Tuesday was more of the same, only more intense as we got down to more work and fewer lessons. Erika was our room service again and hung around a few minutes while we sat to eat. Having heard us talking about coffee, she’d brought Kate a latte and me an Americano with our breakfast. I gave her a ten for a tip again and she hesitated.

“If y’all hadn’t tipped me that yesterday before I knew you, I wouldn’t take this today. But since now I know that’s the way y’are, I’ll just shove it in my pocket and not tell anybody. See y’all later.”

It was a long day. After I went through my first print, I had eighty-seven copies left that I thought were good. I went back through them a second time and couldn’t find an error anyplace. I was sure there must be one somewhere that I hadn’t found. I finally called Gerhardt over and confessed that I couldn’t find the error.

“Gut,” he said. “We have a few extra good ones of this print. After they are signed, you can decide to destroy the extras or release them without a signature. Here. This is the next one.”

Kate and I each managed to get through three prints, including a break to watch how Gerhardt inked the press and pulled the yellow plate of my new print. He said it was the last one, save the two extras I’d sent down. When the paper came off the press with just yellow ink on it, it didn’t look like much. Yellow is so hard to see against the paper.
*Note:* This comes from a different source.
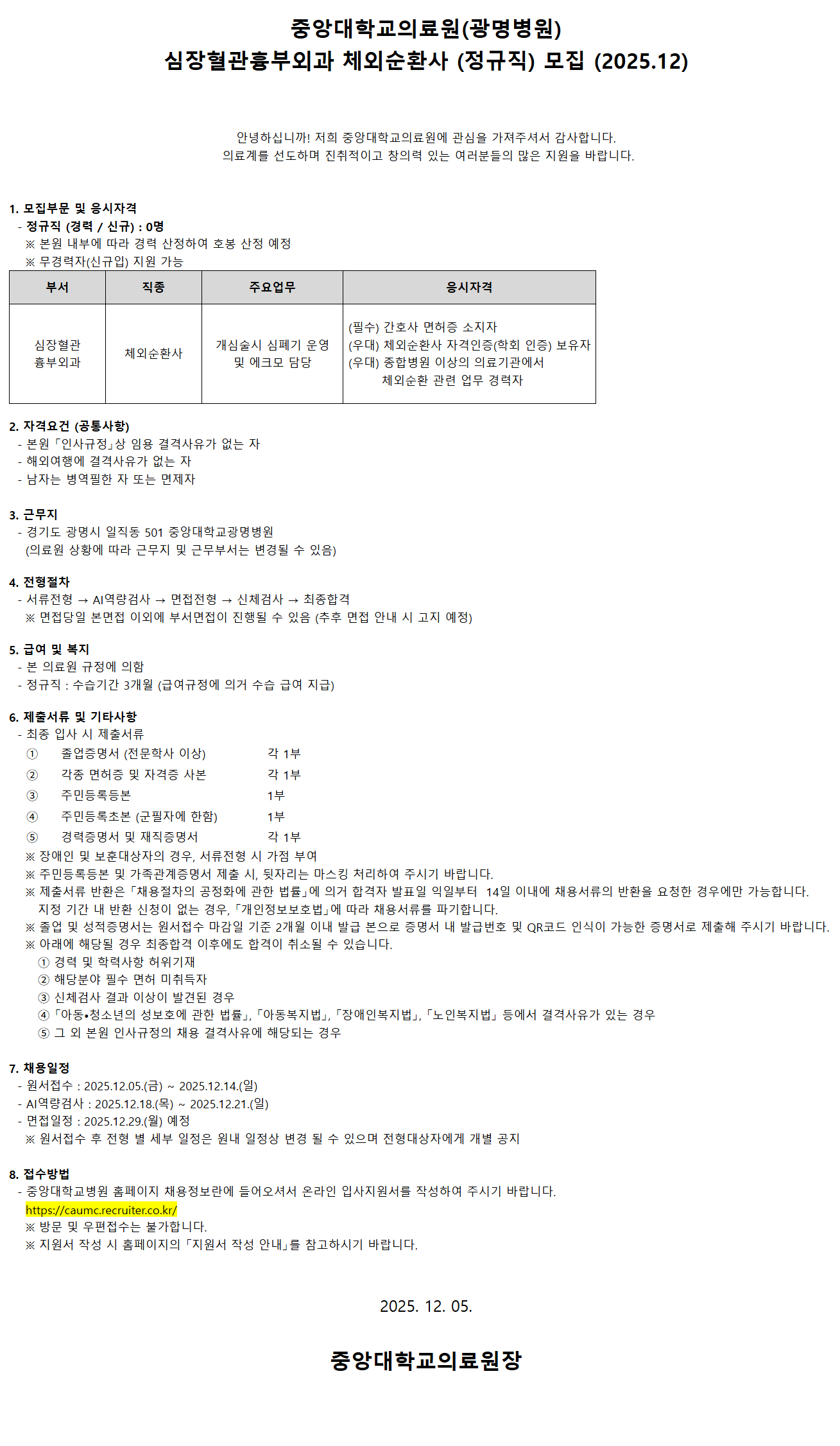 Áß¾Ó´ëÇб³ÀÇ·á¿ø(±¤¸íº´¿ø) ½ÉÀåÇ÷°üÈäºÎ¿Ü°ú ü¿Ü¼øÈ¯»ç (Á¤±ÔÁ÷) ¸ðÁý (2025.12) ¾È³çÇϽʴϱî! ÀúÈñ Áß¾Ó´ëÇб³ÀÇ·á¿ø¿¡ °ü½ÉÀ» °¡Á®Áּż­ °¨»çÇÕ´Ï´Ù. ÀÇ·á°è¸¦ ¼±µµÇϸç ÁøÃëÀûÀ̰í âÀÇ·Â ÀÖ´Â ¿©·¯ºÐµéÀÇ ¸¹Àº Áö¿øÀ» ¹Ù¶ø´Ï´Ù. 1. ¸ðÁýºÎ¹® ¹× ÀÀ½ÃÀÚ°Ý - Á¤±ÔÁ÷ (°æ·Â / ½Å±Ô) : 0¸í ¡Ø º»¿ø ³»ºÎ¿¡ µû¶ó °æ·Â »êÁ¤ÇÏ¿© È£ºÀ »êÁ¤ ¿¹Á¤ ¡Ø ¹«°æ·ÂÀÚ(½Å±ÔÀÔ) Áö¿ø °¡´É ºÎ¼­ Á÷Á¾ ÁÖ¿ä¾÷¹« ÀÀ½ÃÀÚ°Ý ½ÉÀåÇ÷°ü ÈäºÎ¿Ü°ú ü¿Ü¼øÈ¯»ç °³½É¼ú½Ã ½ÉÆó±â ¿î¿µ ¹× ¿¡Å©¸ð ´ã´ç (Çʼö) °£È£»ç ¸éÇãÁõ ¼ÒÁöÀÚ (¿ì´ë) ü¿Ü¼øÈ¯»ç ÀÚ°ÝÀÎÁõ(ÇÐȸ ÀÎÁõ) º¸À¯ÀÚ (¿ì´ë) Á¾ÇÕº´¿ø ÀÌ»óÀÇ ÀÇ·á±â°ü¿¡¼­ ü¿Ü¼øÈ¯ °ü·Ã ¾÷¹« °æ·ÂÀÚ 2. ÀÚ°Ý¿ä°Ç (°øÅë»çÇ×) - º»¿ø ¡¸Àλç±ÔÁ¤¡¹»ó ÀÓ¿ë °á°Ý»çÀ¯°¡ ¾ø´Â ÀÚ - ÇØ¿Ü¿©Çà¿¡ °á°Ý»çÀ¯°¡ ¾ø´Â ÀÚ - ³²ÀÚ´Â º´¿ªÇÊÇÑ ÀÚ ¶Ç´Â ¸éÁ¦ÀÚ 3. ±Ù¹«Áö - °æ±âµµ ±¤¸í½Ã ÀÏÁ÷µ¿ 501 Áß¾Ó´ëÇб³±¤¸íº´¿ø (ÀÇ·á¿ø »óȲ¿¡ µû¶ó ±Ù¹«Áö ¹× ±Ù¹«ºÎ¼­´Â º¯°æµÉ ¼ö ÀÖÀ½) 4. ÀüÇüÀýÂ÷ - ¼­·ùÀüÇü ¡æ AI¿ª·®°Ë»ç ¡æ ¸éÁ¢ÀüÇü ¡æ ½Åü°Ë»ç ¡æ ÃÖÁ¾ÇÕ°Ý ¡Ø ¸éÁ¢´çÀÏ º»¸éÁ¢ À̿ܿ¡ ºÎ¼­¸éÁ¢ÀÌ ÁøÇàµÉ ¼ö ÀÖÀ½ (ÃßÈÄ ¸éÁ¢ ¾È³» ½Ã °íÁö ¿¹Á¤) 5. ±Þ¿© ¹× º¹Áö - º» ÀÇ·á¿ø ±ÔÁ¤¿¡ ÀÇÇÔ - Á¤±ÔÁ÷ : ¼ö½À±â°£ 3°³¿ù (±Þ¿©±ÔÁ¤¿¡ Àǰмö½À ±Þ¿© Áö±Þ) 6. Á¦Ãâ¼­·ù ¹× ±âŸ»çÇ× - ÃÖÁ¾ ÀÔ»ç ½Ã Á¦Ãâ¼­·ù ➀ Á¹¾÷Áõ¸í¼­ (Àü¹®Çлç ÀÌ»ó) °¢ 1ºÎ ➁ °¢Á¾ ¸éÇãÁõ ¹× ÀÚ°ÝÁõ »çº» °¢ 1ºÎ ➂ Áֹεî·Ïµîº» 1ºÎ ➃ Áֹεî·ÏÃʺ» (±ºÇÊÀÚ¿¡ ÇÑÇÔ) 1ºÎ ➄ °æ·ÂÁõ¸í¼­ ¹× ÀçÁ÷Áõ¸í¼­ °¢ 1ºÎ ¡Ø Àå¾ÖÀÎ ¹× º¸ÈÆ´ë»óÀÚÀÇ °æ¿ì, ¼­·ùÀüÇü ½Ã °¡Á¡ ºÎ¿© ¡Ø Áֹεî·Ïµîº» ¹× °¡Á·°ü°èÁõ¸í¼­ Á¦Ãâ ½Ã, µÞÀÚ¸®´Â ¸¶½ºÅ· ó¸®ÇÏ¿© Áֽñ⠹ٶø´Ï´Ù. ¡Ø Á¦Ãâ¼­·ù ¹ÝȯÀº ¡¸Ã¤¿ëÀýÂ÷ÀÇ °øÁ¤È­¿¡ °üÇÑ ¹ý·ü¡¹¿¡ ÀǰŠÇÕ°ÝÀÚ ¹ßÇ¥ÀÏ ÀÍÀϺÎÅÍ 14ÀÏ À̳»¿¡ ä¿ë¼­·ùÀÇ ¹ÝȯÀ» ¿äûÇÑ °æ¿ì¿¡¸¸ °¡´ÉÇÕ´Ï´Ù. ÁöÁ¤ ±â°£ ³» ¹Ýȯ ½ÅûÀÌ ¾ø´Â °æ¿ì, ¡¸°³ÀÎÁ¤º¸º¸È£¹ý¡¹¿¡ µû¶ó ä¿ë¼­·ù¸¦ ÆÄ±âÇÕ´Ï´Ù. ¡Ø Á¹¾÷ ¹× ¼ºÀûÁõ¸í¼­´Â ¿ø¼­Á¢¼ö ¸¶°¨ÀÏ ±âÁØ 2°³¿ù À̳» ¹ß±Þ º»À¸·Î Áõ¸í¼­ ³» ¹ß±Þ¹øÈ£ ¹× QRÄÚµå ÀνÄÀÌ °¡´ÉÇÑ Áõ¸í¼­·Î Á¦ÃâÇØ Áֽñ⠹ٶø´Ï´Ù. ¡Ø ¾Æ·¡¿¡ ÇØ´çµÉ °æ¿ì ÃÖÁ¾ÇÕ°Ý ÀÌÈÄ¿¡µµ ÇÕ°ÝÀÌ Ãë¼ÒµÉ ¼ö ÀÖ½À´Ï´Ù. ➀ °æ·Â ¹× Çз»çÇ× ÇãÀ§±âÀç ➁ ÇØ´çºÐ¾ß Çʼö ¸éÇã ¹ÌÃëµæÀÚ ➂ ½Åü°Ë»ç °á°ú ÀÌ»óÀÌ ¹ß°ßµÈ °æ¿ì ➃ ¡¸¾Æµ¿•û¼Ò³âÀÇ ¼ºº¸È£¿¡ °üÇÑ ¹ý·ü¡¹, ¡¸¾Æµ¿º¹Áö¹ý¡¹, ¡¸Àå¾ÖÀκ¹Áö¹ý¡¹, ¡¸³ëÀκ¹Áö¹ý¡¹ µî¿¡¼­ °á°Ý»çÀ¯°¡ ÀÖ´Â °æ¿ì ➄ ±× ¿Ü º»¿ø Àλç±ÔÁ¤ÀÇ Ã¤¿ë °á°Ý»çÀ¯¿¡ ÇØ´çµÇ´Â °æ¿ì 7. ä¿ëÀÏÁ¤ - ¿ø¼­Á¢¼ö : 2025.12.05.(±Ý) ~ 2025.12.14.(ÀÏ) - AI¿ª·®°Ë»ç : 2025.12.18.(¸ñ) ~ 2025.12.21.(ÀÏ) - ¸éÁ¢ÀÏÁ¤ : 2025.12.29.(¿ù) ¿¹Á¤ ¡Ø ¿ø¼­Á¢¼ö ÈÄ ÀüÇü º° ¼¼ºÎ ÀÏÁ¤Àº ¿ø³» ÀÏÁ¤»ó º¯°æ µÉ ¼ö ÀÖÀ¸¸ç ÀüÇü´ë»óÀÚ¿¡°Ô °³º° °øÁö 8. Á¢¼ö¹æ¹ý - Áß¾Ó´ëÇб³º´¿ø ȨÆäÀÌÁö ä¿ëÁ¤º¸¶õ¿¡ µé¾î¿À¼Å¼­ ¿Â¶óÀÎ ÀÔ»çÁö¿ø¼­¸¦ ÀÛ¼ºÇÏ¿© Áֽñ⠹ٶø´Ï´Ù. https://caumc.recruiter.co.kr/ ¡Ø ¹æ¹® ¹× ¿ìÆíÁ¢¼ö´Â ºÒ°¡ÇÕ´Ï´Ù. ¡Ø Áö¿ø¼­ ÀÛ¼º ½Ã ȨÆäÀÌÁöÀÇ ¡¸Áö¿ø¼­ ÀÛ¼º ¾È³»¡¹¸¦ Âü°íÇϽñ⠹ٶø´Ï´Ù. 2025. 12. 05. Áß¾Ó´ëÇб³ÀÇ·á¿øÀå

Gerhardt ran 200 copies once he was satisfied that the color density was right. After he cleaned up the press and set up the cyan plate, he inspected all the yellow pages and threw out six of the 200. He just pulled them and dumped them in a recycle bin.

We’d been in Doc’s printmaking class all semester and one of the things I’d learned was how expensive art paper for prints was. Then I tallied up the fact that Gerhardt was starting with 200 of the first color and I hadn’t seen a run yet that ended up with more than ninety in the stack. Half the pages were being trashed. I was thankful for whoever it was that was sponsoring our work here and figured that giving him or her number one of seventy-five was a small payment.

When the cyan was laid in, we could see a difference in the print. Not only were we seeing yellow and light greenish-blue, but some spots of green were showing as well. With the magenta plate, we could see the picture and tell what was where, though my fingers wanted to reach in with paint and touch up a few spots, add highlights and shadows, and maybe mix some richer colors. It was desaturated. That’s when he started pulling the deeper colors he used in the process. First the green, then the blue, and finally the hot pink. With each successive color, the artwork became more vibrant and filled with intensity. By the time there were six colors on the paper, it looked like the painting.

“Now the miracle of black,” Gerhardt said. I know I didn’t use any black paint when I painted this image. It was the three teens, peeking around a drapery. I’m sure I mixed some black paint into a color to tone it down, but never any straight black. Still I watched as Gerhardt inked the press and the first sheet came off with the black added. The colors just popped off the page. It was brilliant. The shadows were deeper without going muddy and by contrast, the colors and highlights seemed brighter. Gerhardt looked at the first copy, shrugged, and said, “Too bad.” He tossed it in the recycle bin and made adjustments on the press. I’m not sure yet what he saw, but he sent us back to our work.